*Stored data entries*
________________________________________
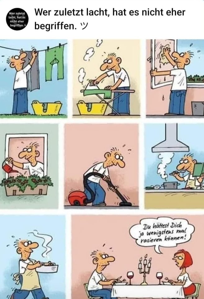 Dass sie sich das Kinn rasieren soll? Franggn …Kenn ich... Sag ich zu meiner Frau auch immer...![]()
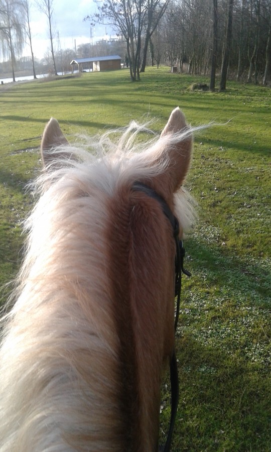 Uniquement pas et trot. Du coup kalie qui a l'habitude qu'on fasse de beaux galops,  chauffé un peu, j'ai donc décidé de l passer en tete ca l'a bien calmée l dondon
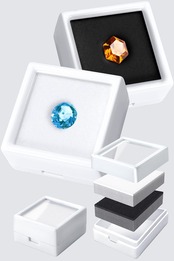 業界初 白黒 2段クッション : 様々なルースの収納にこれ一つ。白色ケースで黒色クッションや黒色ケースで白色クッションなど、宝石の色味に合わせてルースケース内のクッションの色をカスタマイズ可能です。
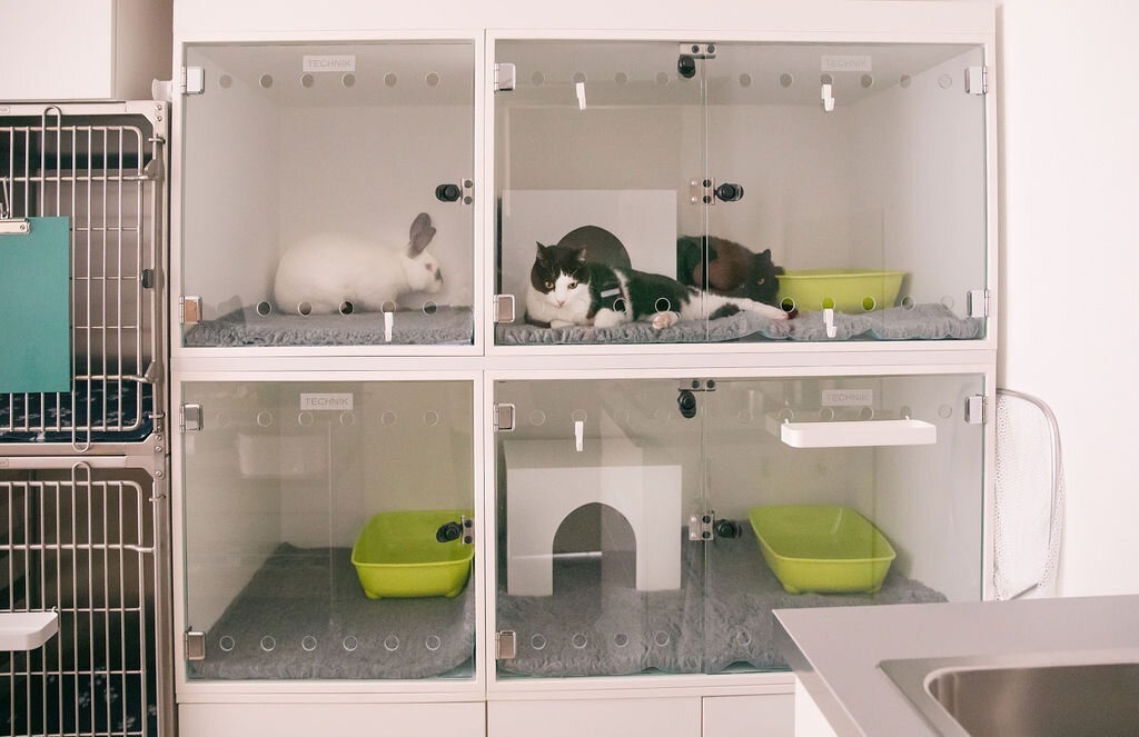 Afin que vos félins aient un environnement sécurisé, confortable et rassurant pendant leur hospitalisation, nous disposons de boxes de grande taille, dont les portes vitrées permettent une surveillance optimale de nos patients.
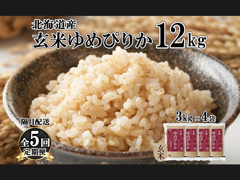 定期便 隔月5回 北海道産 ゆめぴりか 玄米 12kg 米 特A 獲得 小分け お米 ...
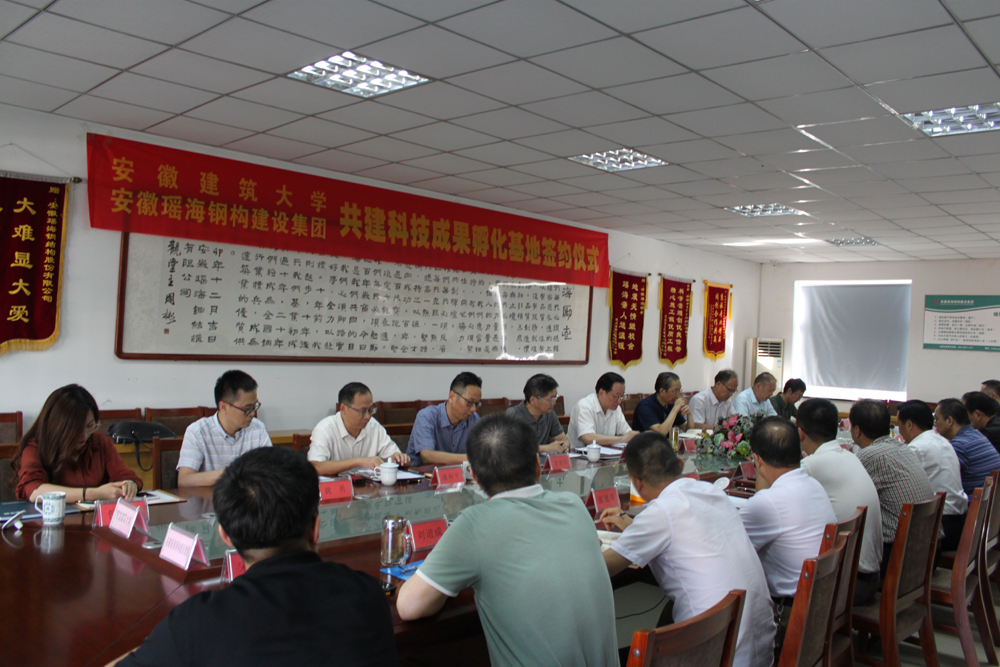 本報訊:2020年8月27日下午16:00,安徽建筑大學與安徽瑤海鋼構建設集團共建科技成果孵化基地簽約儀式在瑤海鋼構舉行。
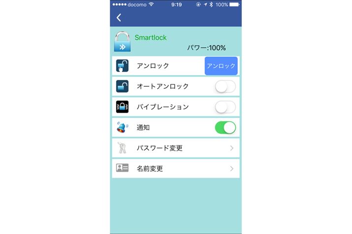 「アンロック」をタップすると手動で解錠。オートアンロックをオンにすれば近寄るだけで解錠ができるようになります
________________________________________
*Problem statement*
From the first line of the records down through the line containing "業界初 白黒 2段クッション", transcribe exactly those lines and no others, both ends kept, pictures dropped.

*Solution to this exercise*
 Dass sie sich das Kinn rasieren soll? Franggn …Kenn ich... Sag ich zu meiner Frau auch immer...![]()
 Uniquement pas et trot. Du coup kalie qui a l'habitude qu'on fasse de beaux galops,  chauffé un peu, j'ai donc décidé de l passer en tete ca l'a bien calmée l dondon
 業界初 白黒 2段クッション : 様々なルースの収納にこれ一つ。白色ケースで黒色クッションや黒色ケースで白色クッションなど、宝石の色味に合わせてルースケース内のクッションの色をカスタマイズ可能です。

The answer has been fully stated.